▸ The task: The reply should contain only the lines from the start of the records through the line with "Nights at Okaukuejo", reproduced verbatim and without pictures.

▸ Data shown:
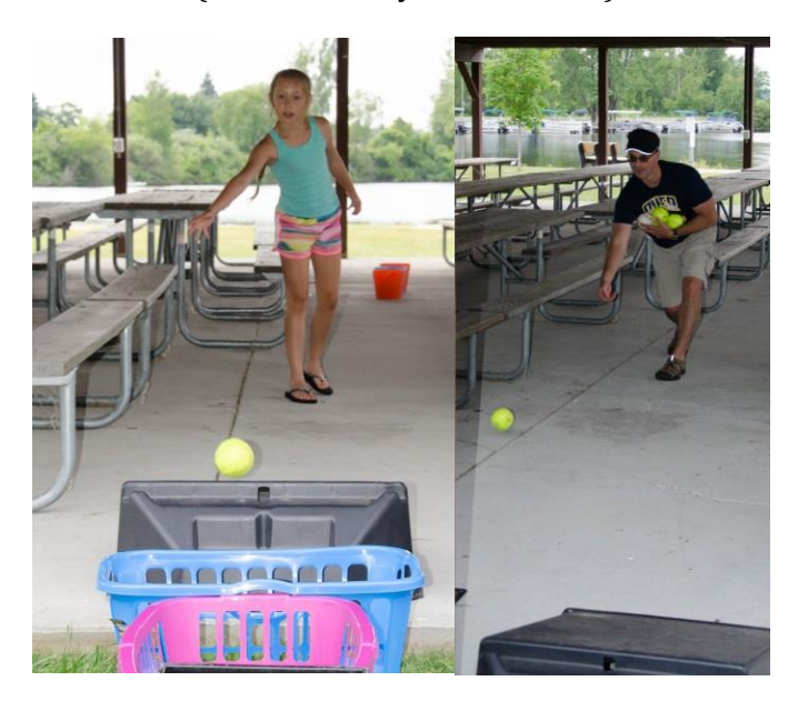
(Who has the better form?)
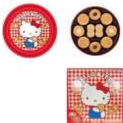
H473 11.5oz x 4 波本凱蒂貓餅乾禮品盒(12M)
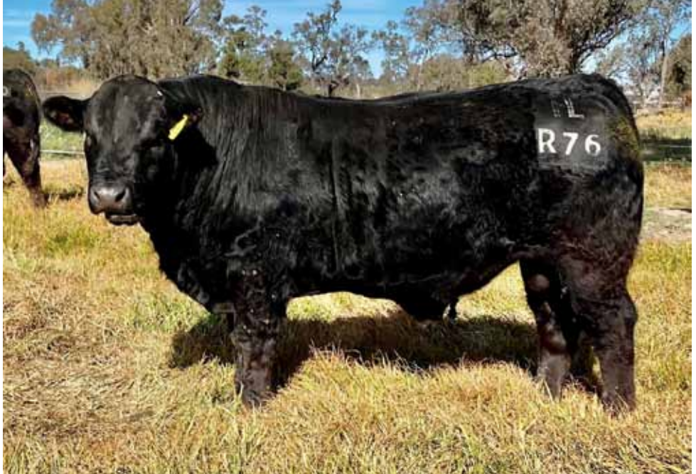
LOT 29 HARLEES RYAN (P) (B) (PN) (AA)
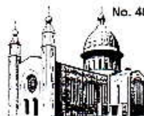
CHURCH OF THE HOLY SPIRIT DEVEREUX CROSS, CORK
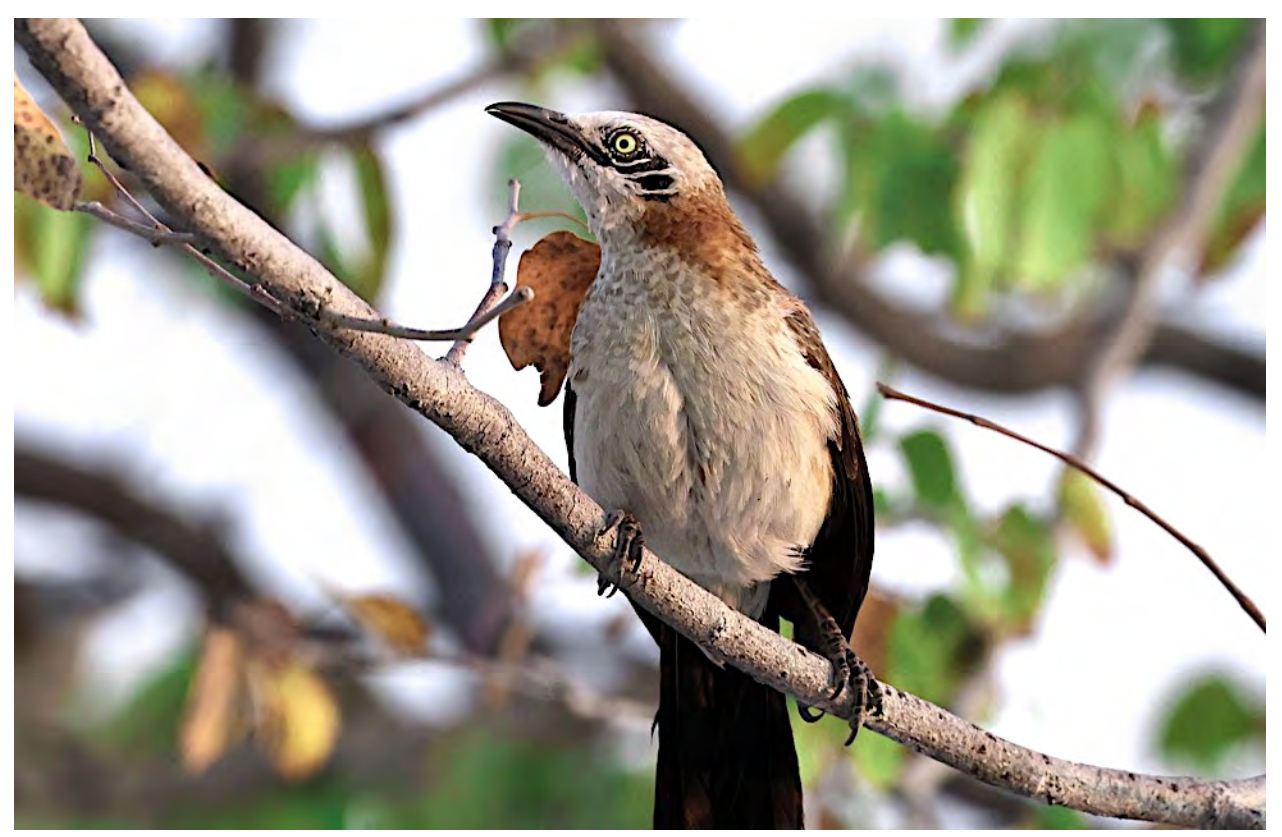
Bare-cheeked Babbler is another near-endemic that we'll watch for. These birds tend to be found in family groups, and we've had good luck in seeing them at Etosha.

Nights at Okaukuejo and Halali Park Department bungalows (within the park), and at Mokuti Etosha Lodge or Mushara Lodge (outside the park) as we traverse the area from west to east.
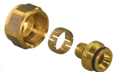
Vario compression fitting
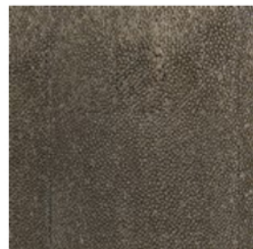
Charcoal Shagreen (HA)
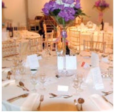
Floral Displays by PETAL PRIDE.

Free on-street parking is available around the Museum building.
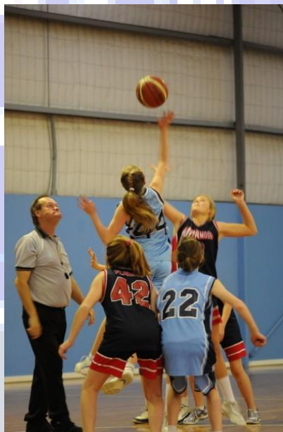
Under 14 Girls – Division 3 Sturt Sabres – Mildura 2010
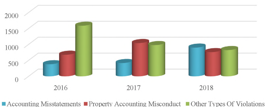
Figure 3 – Dynamics of the amounts of violations according to the results of the audit activities of the National Audit Office for 2016-2018. Note: compiled by the author based on the source [5]

Private experts and universities conduct external reviews of the Office reports and statements. A special structural unit of the SAI carries out internal expertise. Only 10% of the total number of control measures undergo examination by internal control.
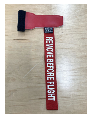
Pitot Tube Cover
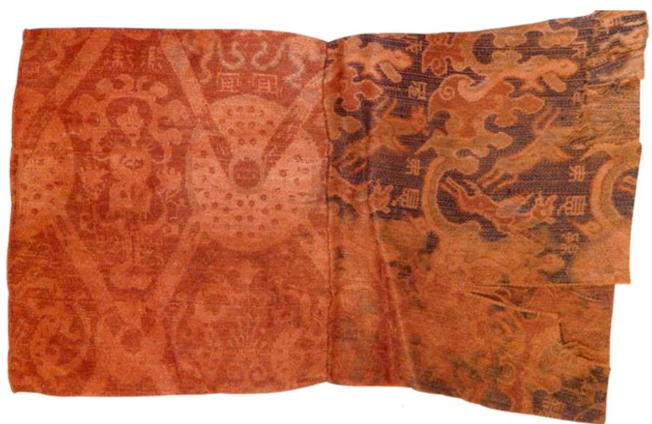
Figure 1-1: Sleeve made of two warp-faced weavings: a red ground with jade bi and a tree with the "Mother of the West" and Chinese characters, and a wusijin (five color compound) with clouds, beasts, and Chinese characters. Han period (206 BCE–220 CE).

▸ Exercise result:
(Who has the better form?)
H473 11.5oz x 4 波本凱蒂貓餅乾禮品盒(12M)
LOT 29 HARLEES RYAN (P) (B) (PN) (AA)
CHURCH OF THE HOLY SPIRIT DEVEREUX CROSS, CORK
Bare-cheeked Babbler is another near-endemic that we'll watch for. These birds tend to be found in family groups, and we've had good luck in seeing them at Etosha.

Nights at Okaukuejo and Halali Park Department bungalows (within the park), and at Mokuti Etosha Lodge or Mushara Lodge (outside the park) as we traverse the area from west to east.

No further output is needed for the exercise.